Reasons for job action more convoluted and relevant to students than one might think
By Eric Onderwater
Photos by Mark Burnham
On Thursday, Nov. 1, the Burnaby SFU campus awoke to the unpleasant reality of another CUPE job action. Members of the CUPE Local 3338 were out in force, picketing in front of the library and handing out literature to people passing by.
To most students and professors, this job action is extremely annoying. Students are hard at work as they head into the final stretch of the semester in November. Most students have the bulk of their schoolwork due this month after which the specter of final exam season looms.
Who’s at fault for this?
The administration deserves blame right off the top. CUPE workers have been without a collective agreement since March 2010. The administration greatly benefits by not signing another agreement. With no agreement, the two parties operate under the parameters of the former agreement. The administration is then not obligated to raise wages or increase benefits, which would undoubtedly rise under a new agreement, even if only to account for inflation. The CUPE workers are hardly overpaid, and haven’t had a raise since 2009. The administration has been playing a nefarious game by refusing to seriously negotiate.
Things get deeper and more convoluted, and the union deserves blame as well. The main negotiating difficulty is the pension plan. The administration has known for some time that the university pension plan is deeply broken, and in need of serious remedial action.
How broken is the SFU employee pension? The numbers indicate very broken. In 2010, the unfunded liability was estimated at $64 million dollars. That is the gap between what the university and the pension assets can pay, and what the pension system will owe to retirees. In 1991 the university paid $3 million dollars a year to sustain the pension plan. Twenty years later it paid $15 million; such substantial increases still aren’t enough.
The university wants the union to move towards a defined contribution plan, from its current defined benefit plan. Faculty are already on a defined contribution plan. The defined benefit plan is 100 per cent employer funded, while both the employer and the employee fund defined contribution. The employer guarantees the contributions, and the employee has input on where the money is invested. The defined benefit plan guarantees a benefit to the employee, while requiring no input or contribution from the employee. The union ardently wants to maintain the defined benefit plan.
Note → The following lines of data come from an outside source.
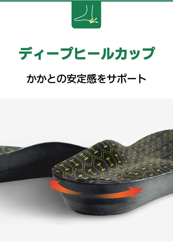 かかとの衝撃吸収と安定性を高めるディープヒールカップ !
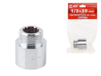 Удлинитель 1/2' вн.-нар. х 20 мм усиленный ХРОМ, AV Engineering (инд. упак.)(Латунь, макс. 16 бар, макс. 110 °С)
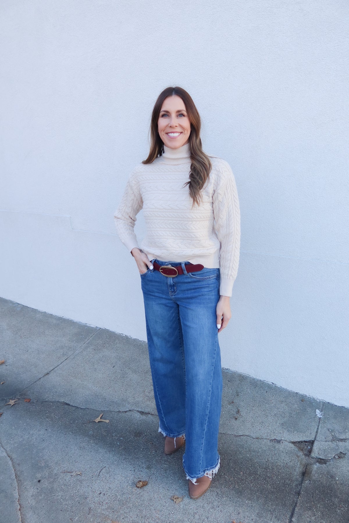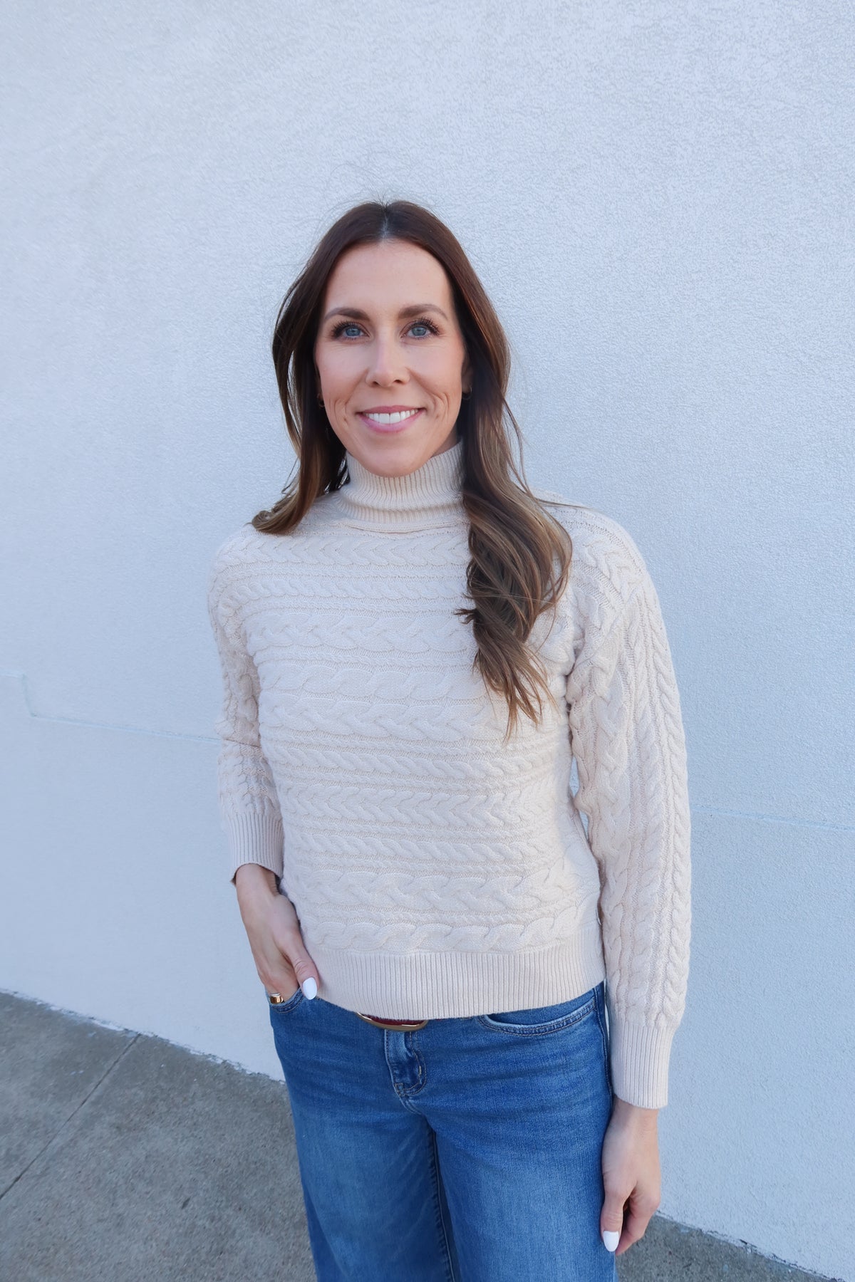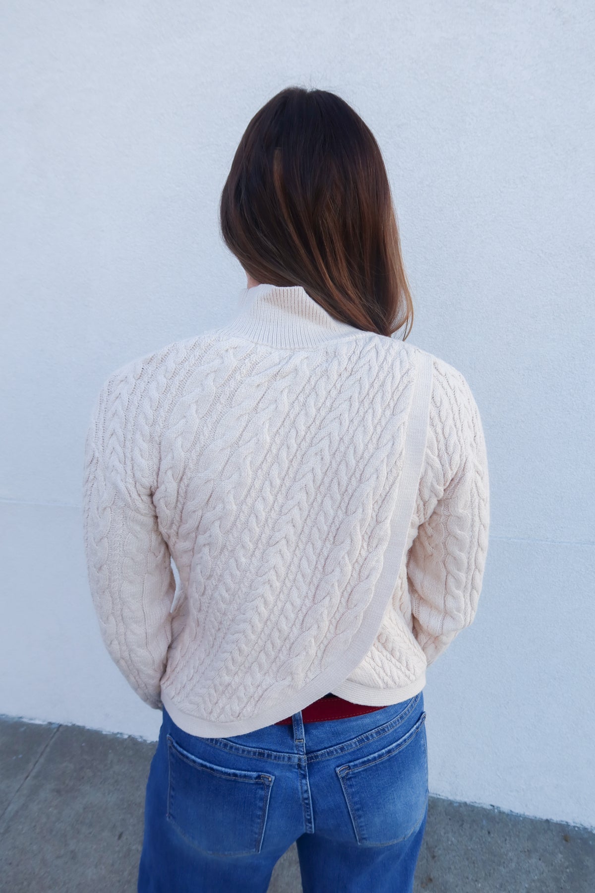 Stay stylish and comfortable with the Natural Mock Neck Cross Back Sweater. This cozy knit features a flattering mock neck and trendy cross-back detail, adding a unique touch to your everyday wardrobe. Perfect for layering or wearing on its own, it combines warmth and fashion effortlessly. Elevate your look with this cute and versatile piece that keeps you cozy and stylish.
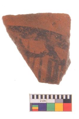 | Description / विवरण | Specimen of potsherd with black decorative painting, Type Black on Red Ware . |
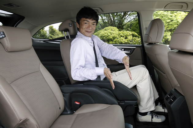 [身長172cmの岡本幸一郎さんが座るとこんな感じ・2列目シート(Vスライドキャプテンシート・後端スライド時)]
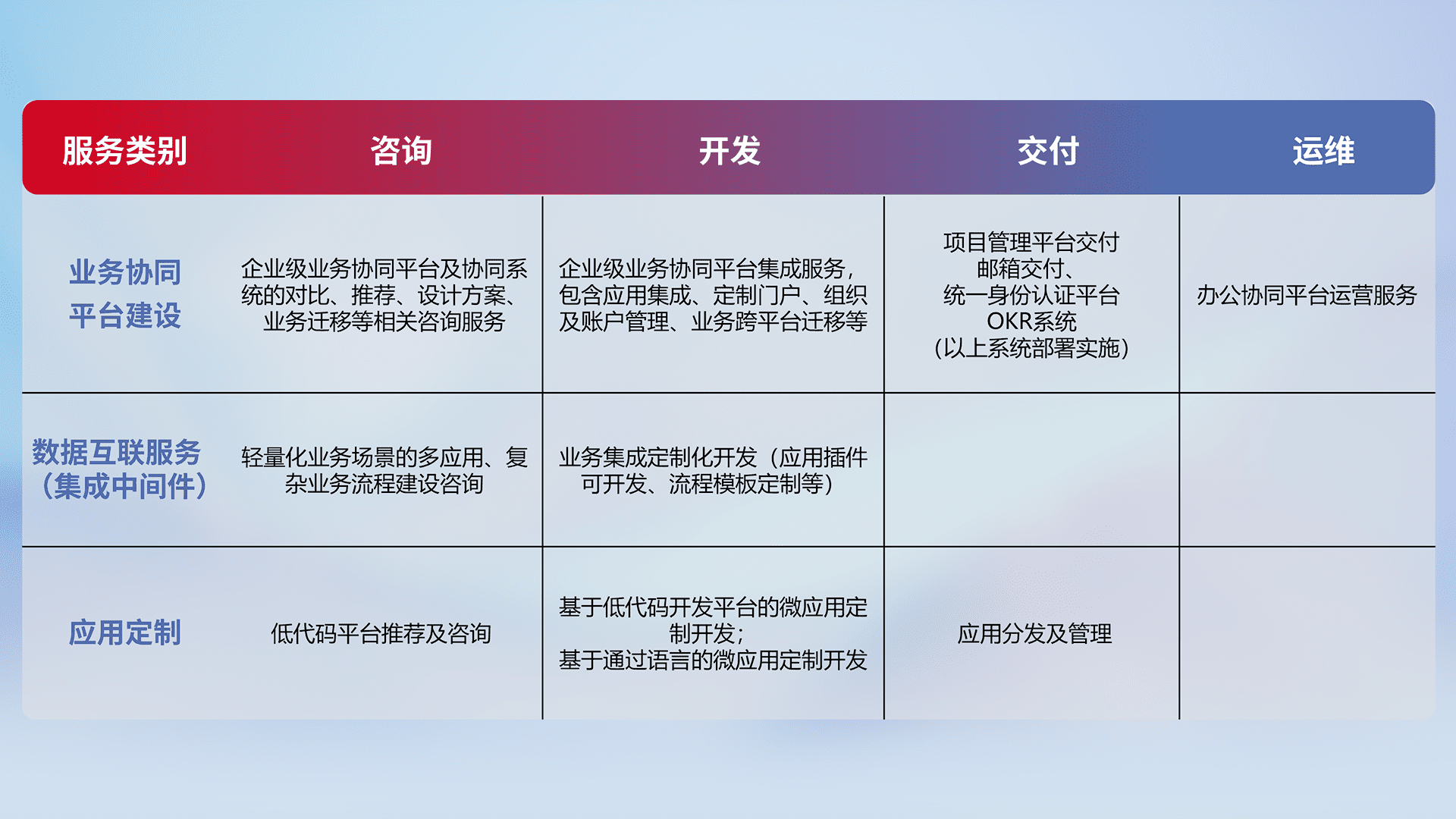 针对钉钉、、、企微、、IDaas等平台级产品提供产品的规划、、、方案、、交付、、、定制化开发等服务,,实现如统一协同办公、、、智能客户服务、、、混合会议管理、、、、智能数据查询、、、、等业务场景,,,实现数字化转型。。。。
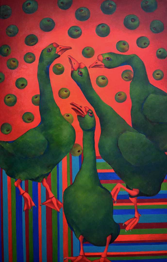 «Гуси в яблоках» — это манифест цвета, иронии и внутренней свободы. Картина написана маслом на холсте в формате 100×70 см и сразу заявляет о себе как о смелом акценте в пространстве. Я сознательно отказалась от реалистичной палитры и создала гусей насыщенного зелёного цвета, потому что для меня зелё

Should the university pony up the money to keep the pension plan going? Should the university spend $64 million dollars to ensure that the CUPE employees retire in comfort and security? Or should the CUPE employees make some sacrifices to help fund their pension?
I am highly critical of the union on this issue. We live in an age when few of us students will ever enjoy a pension. Most of us will work our entire lives in the private sector without ever dreaming of a pension. Worse, most of us will pay higher tuition fees than ever, just to get an opportunity to earn a half-decent living in today’s job market.
That $64 million will come out the tuition of students. It will mean fewer services for you and me. But worst of all, it will mean yet another drain of wealth from our generation to pay for the entitlements of previous generations.
To the CUPE Local 3338: I understand your frustration over the university’s refusal to seriously push for a collective agreement. But don’t ever tell me that you deserve your fancy, cushy pension plan. Get back to the negotiating table, take the defined contribution plan, please go back to work and let my generation try finish school. We need every advantage we can get.